Just to comment a bit on Devon's (accurate & ideal) response. We've actually been looking into the fine-grained particulars of this and have a paper under submission that explores the nature of the small differences in some detail. There are at least two potential reasons for the differences one observes in practice. In Salmon, by running in alignment-based mode, we can set aside the alignment vs. "mapping" difference and just look at how accuracy (as judged by the useful but less-than-perfect metric of accuracy on data simulated using RSEM-derived quantification) varies between methods.
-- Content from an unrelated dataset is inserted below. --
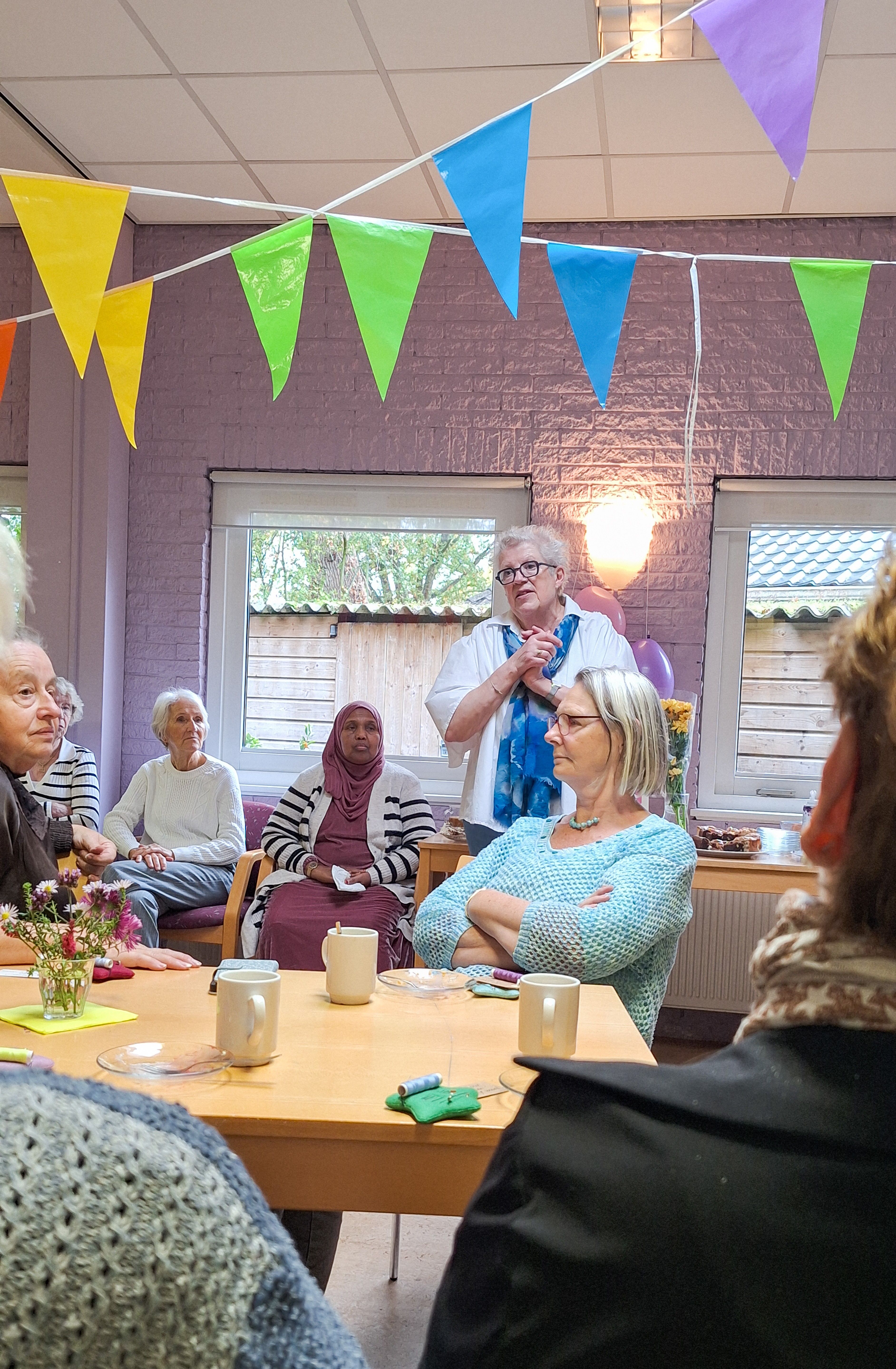 Dit jaar bestaat de Naai- en Ontmoetingsgroep tien jaar en dat mocht gevierd worden! De tafel stond vol met zelfgemaakte hapjes en er werd volop gekletst en gelachen. Coördinator Margreeth van der Brugge sprak de groep toe over de impact van het naaiatelier en zette alle vrijwilligers in het zonnetje.

One hypothesis that withstood our testing is that the difference can be explained by the fact that certain methods factorize the likelihood that is being optimized (i.e., when running their EM / VBEM procedures, they do not consider each fragment independently, but group certain fragments together for the purposes of quantification). We were also able to derive new factorizations with very similar performance (in terms of time / memory requirements) to the ones currently used. These new factorizations, nonetheless, don't exhibit easily measurable differences from methods, like RSEM, that optimize an un-factorized (or full) likelihood. That is, there are groupings that factorize the likelihood in a different (and more data-dependent) way, that are more faithful to the un-factorized likelihood. I'll note here that there are also small differences attributable to traditional alignment vs. fast mapping strategies. We are investigating these further as well, though one must be particularly careful here not to bias one's validation considering how simulated data is often generated using a model that incorporates (and encodes important information) in alignment characteristics.
Regarding (2); the reasoning behind this is likely more historical than anything else. RSEM incorporates a model of alignment that simply doesn't model insertions or deletions, though there is nothing inherent about the method itself that precludes this. For example, Salmon (in alignment-based mode), Tigar, eXpress, BitSeq and many other tools support insertions and deletions in the alignments. RSEM will simply not process samples with indels in the alignments (that's why, if you use the builtin wrapper scripts to process the reads, RSEM will run Bowtie2 in a manner that disallows insertions or deletions in the mappings). There has not, to my knowledge, been a detailed study on the effect this has on accuracy in different cases. In most common cases, one would expect indels to be rather rare and, therefore, the effect of ignoring them to be rather small. On the other hand, it certainly seems possible that, if important (unknown) indels exist, allowing reads to align / map over them could improve quantification. Existing alignment-free methods will map (and account in quantification) for reads that exhibit indels with respect to the reference.